Lori: It’s the same thing, too, with the whole Nacho method. It takes time, and it takes work. You can’t join the Academy, and all of a sudden, you’d be great, because you’ve got to do the work. A lot of it is soul searching, and realizing you’re not the problem, but it’s what you represent. All this other stuff that we’ve talked about. It’s also important to know, well, we tell people, number one, don’t give up on your relationship. 

If you love this person, work on it because you’re more than likely going to end up in another blended relationship. Why not make this one work? Giving up is easy. Nothing worth having… What is that saying? Nothing worth having comes easy. 

Lisa: Yeah. 

Lori: We taught our kids to fight for their marriages.
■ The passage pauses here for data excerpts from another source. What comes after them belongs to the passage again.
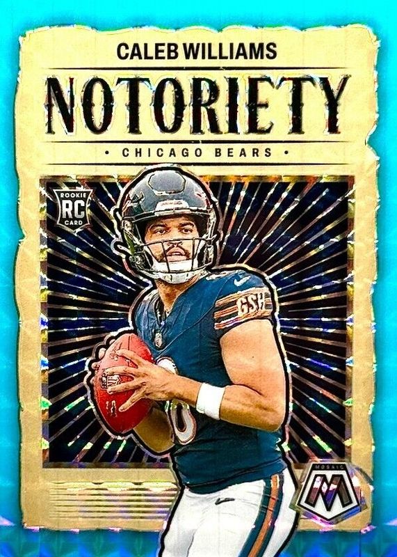 The Caleb Williams 2024 Mosaic #18 Notoriety - Blue Fluorescent /15 Rookie card in Raw condition has not changed in price in the last 30 days and was last sold for $400.00 .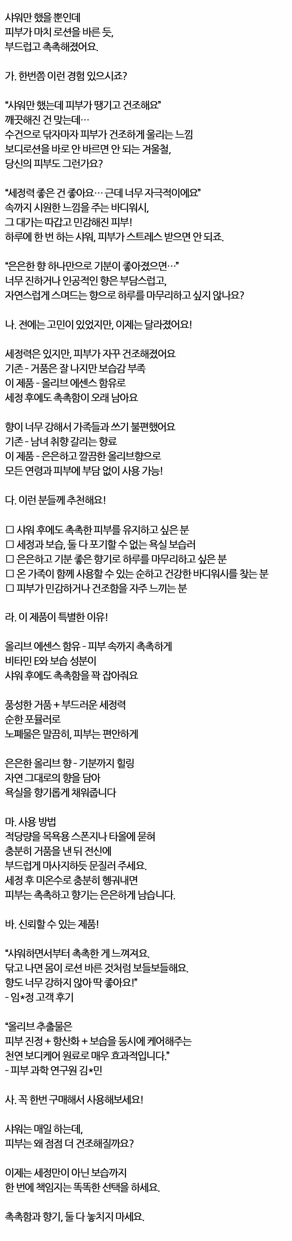 세정후에도 촉촉함 오래 남아요 올리브 바디워시 500g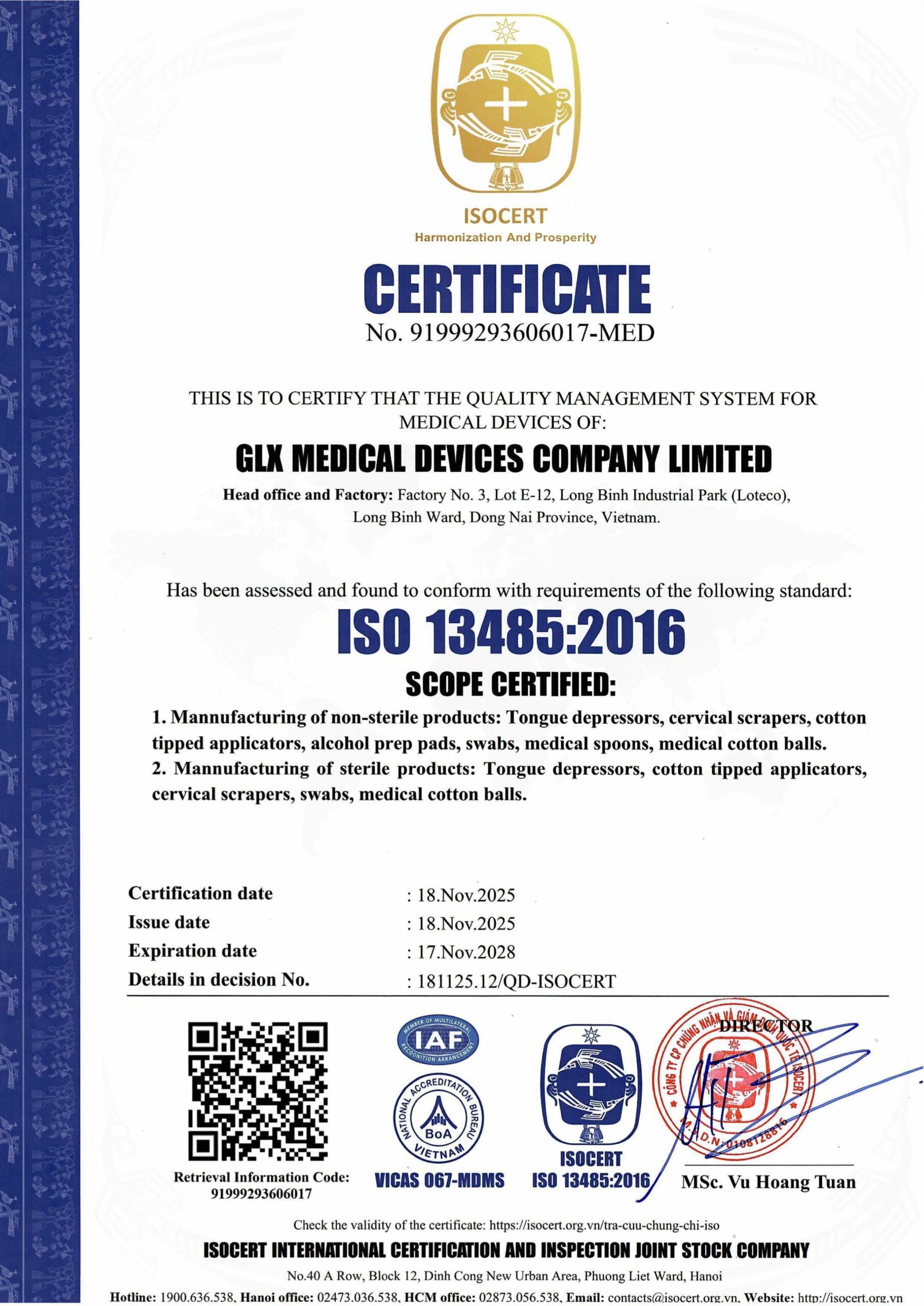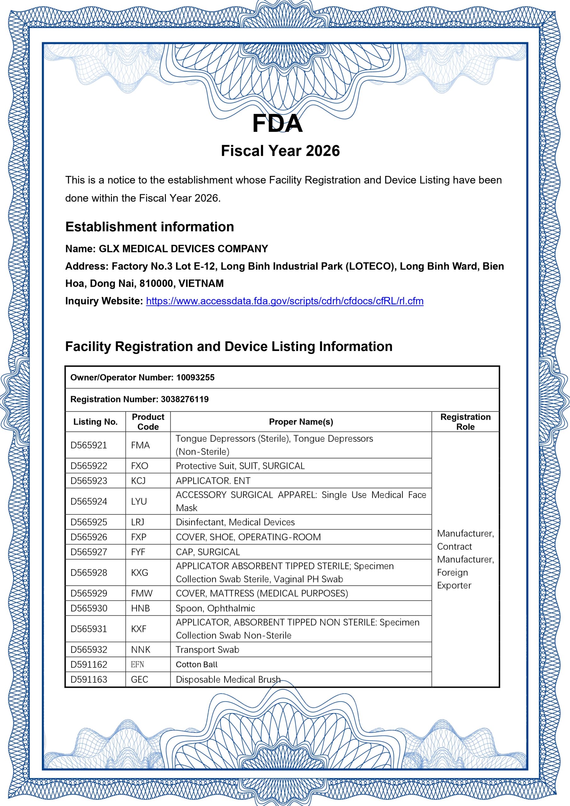 GLX MEDICAL DEVICES COMPANY LIMITED specializes in the production and supply of disposable medical materials for hospitals, clinics, and healthcare facilities nationwide, while actively expanding its export operations to international markets. With a team of experienced professionals, advanced production lines, and strict quality control processes, GLX is committed to delivering high-standard, safe, and effective products. The company’s main products include medical cotton swabs, tongue depressors, and alcohol prep pads—essential items in clinical examination and healthcare. GLX continuously innovates, scales up its manufacturing capacity, and broadens its market reach, aiming for sustainable development and becoming a trusted partner in the regional and global medical supply industry.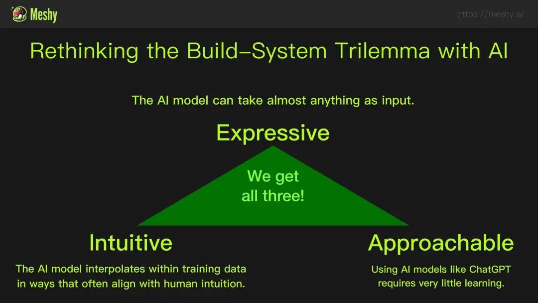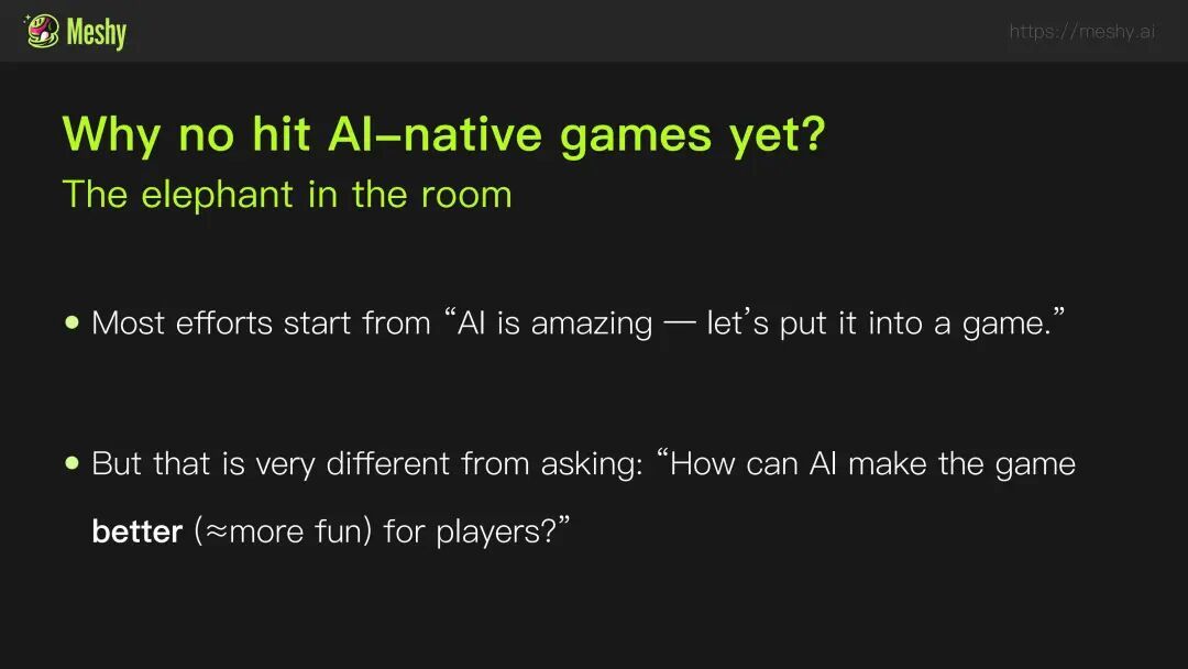 但不同于那种AI能够取代开发者或者直接生成游戏的论调,胡渊鸣在技术路线上更克制,强调把AI和传统工作流相融合:AI生成工具要一部分一部分地融入开发管线,AI生成的玩法要和传统游戏开发混合起来。和他们仔细聊过之后,我觉得这种克制和分寸,可能才是Meshy能跑通商业化的真正原因。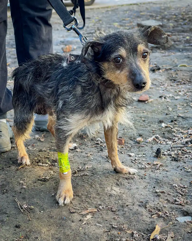 In one bombed village, a tiny dog was still alive, but barely holding on.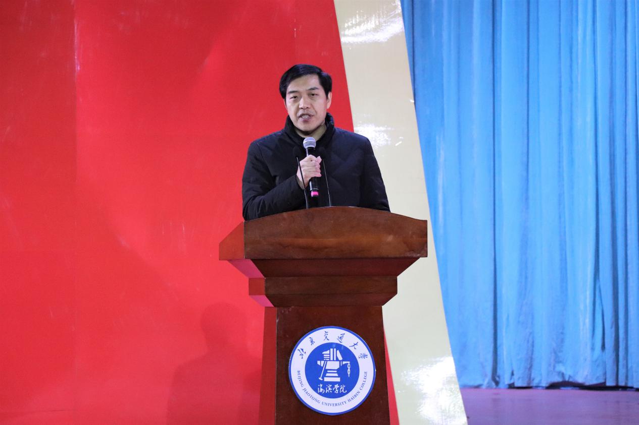 党委书记魏旺强首先代表我校教职员工,向过去一年中取得优异成绩的集体和个人表示热烈的祝贺。他强调,我校全面贯彻党的教育方针,落实立德树人根本任务,坚持以培养综合素质高、理论基础好、实践能力强和具有创新创业意识的高水平应用型人才为目标,大力弘扬“进德修业、知行合一”的校训,积极推进综合素质教育,促进学生全面成长。魏书记表示,今天获得表彰的集体与个人,充分展示了学校在人才培养工作中所取得的成绩,也展示着海滨学子努力奋进、拼搏向上的精神风貌。他对我校学生提出三点要求;一、要胸怀梦想,砥砺前行;二、要求真务实,知行合一;三、要创新进取,追求卓越。最后,他希望我校学生能够以今天受表彰的集体和个人为标杆,人人学榜样,个个争当榜样,在海滨的校园里形成见贤思齐、崇德向善、争做先锋的良好氛围。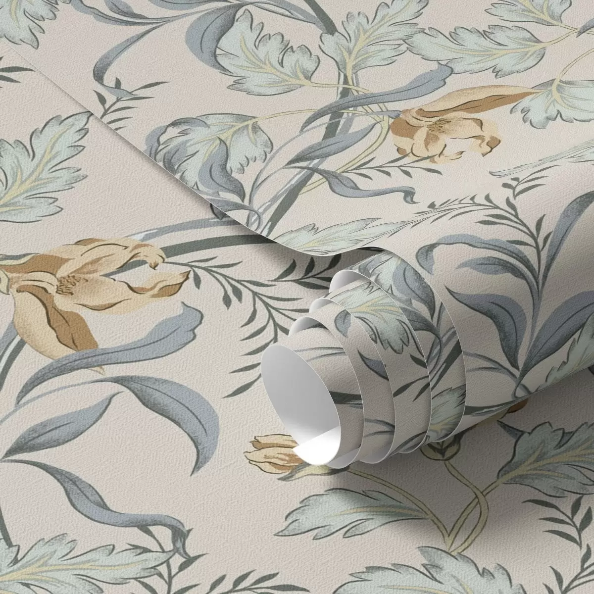 Tapeet Vintage lilled sinise lehega kreemika taustal Nr. a00717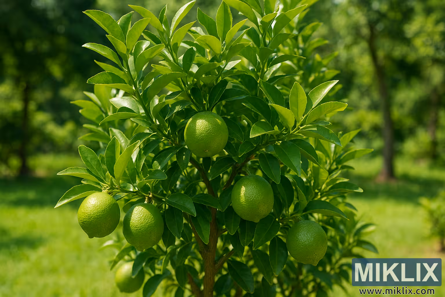 High-resolution image of a healthy lime tree with ripening fruit in a vibrant, sunlit garden.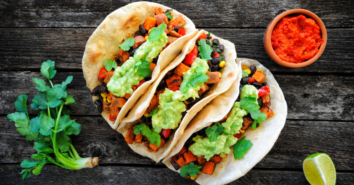 Love tacos? Try these vegan black bean tacos from The Simple Veganista. Packed with plant-based protein, fresh veggies, and the wholesome goodness of avocado, this ten-minute recipe is easy to make and fun to eat. All you need are black beans (canned), an onion, spices from your pantry, fresh leafy greens, salsa of any kind, lime, either corn or flour tortillas and garnish with fresh avocado slices.

Lisa: I mean, that is for real like to be able to see you guys getting to the place where you did and be able to come back from that. That is very, very powerful for children to be able to see how relationships are repaired. It’s not a problem that people are fighting, it is watching you repair it, and that is such a gift.

For our listeners, I’m sure we have many intrigued people who have been dealing with some of what we’re talking about. If they wanted to begin doing some Nacho parenting in their own house, what would you suggest? Is there a way to start in small ways? Or is it like a whole enchilada thing where you are like, alright, alright, everybody, I’m done with you.

Lori: Well, a lot of people, they ask the question, “Once I start nachoing, will I have to do it forever?” No, but you will want to because, I’m telling you, it will change your life.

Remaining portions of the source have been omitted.